Of course, the whole thing is based, almost but not quite explicitly, on the assumption that because Graeber finds notions of religious belief and supernatural morality to be completely silly and unbelievable, that ancient people must have always felt the same way. Ergo, the connection between morality and debt was, from the outset, a manipulative lie. Graeber excludes, from the outset, no argument, and little discussion, idea that anyone could have seriously believed that there really was some genuinely moral reason for paying what one owes, or even that there is a genuinely supernatural valance to morality at all.
Which seems to be exactly what you describe Modernism as doing with respect to Faith.
One minor quibble though: I'm not quite sure that's what Nietzsche means by "God" being "dead." I've always understood that as a way of saying that once society no longer bases its morality or ideology on God--not just the idea of God, but God as a personal entity!--the resulting moral and ideological outcomes will, necessarily, not resemble the old ones. It turns out that God did an awful lot of heavy lifting in making Western European notions of morality, society, etc., function. The nineteenth-century Moderns thought they could remove God from the picture but still end up with a society that looks basically like the one bequeathed to them by Christendom. Niezsche, the mad prophet, is here to tell them That's Not How That Works. God doesn't animate or motivate society the way he used to, and you need to stop expecting things to work as if he did.

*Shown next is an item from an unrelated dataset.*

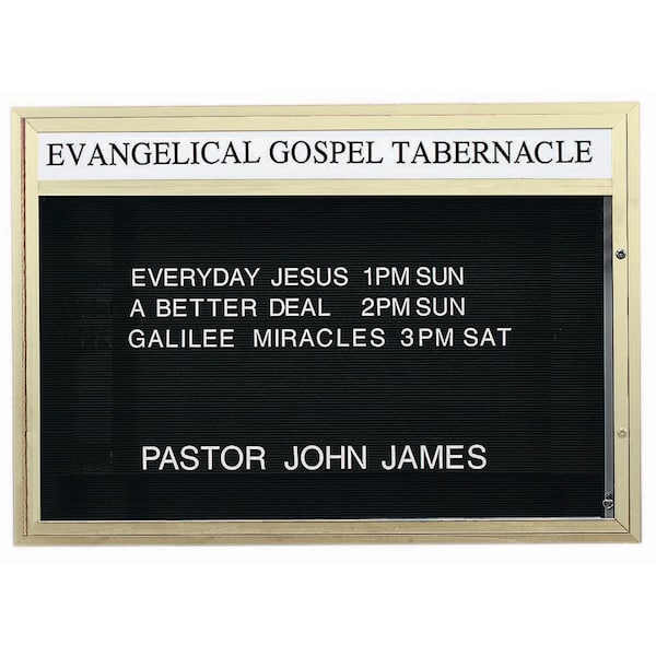 Double Sided Community Boards are ideal for religious, educational, and community buildings of all types for posting schedules, announcements, and messages that are clearly read and visible at night as well as during daytime hours. Units are constructed of solid extruded Aluminum and the black vinyl letter board are Removable for easy message changes. Supplied with a blank header panel, ready for your custom vinyl lettering. Lettering is not included and must be applied by the customer. Frame: Ivory Powder Coated Finish Size 42"Hx60"Wx6" Deep

Still. It occurs to me that you might simply be describing the same phenomenon from a different angle. I just re-read the above before posting, and I wonder whether you would agree that your description of "Faith" here is trying to get at the same thing, i.e., that once you move away from a genuine, functioning Faith in God, everything stops working.
Thoughts?
Faith is walking off a cliff and trusting that He will not let you fall. It's the hardest thing to do. James 2:24 isn't the argument against Sola Fida, it's Mathew 14:29-30.
I find it very difficult to love Jesus, I just want Him to give me the grace to love Him more.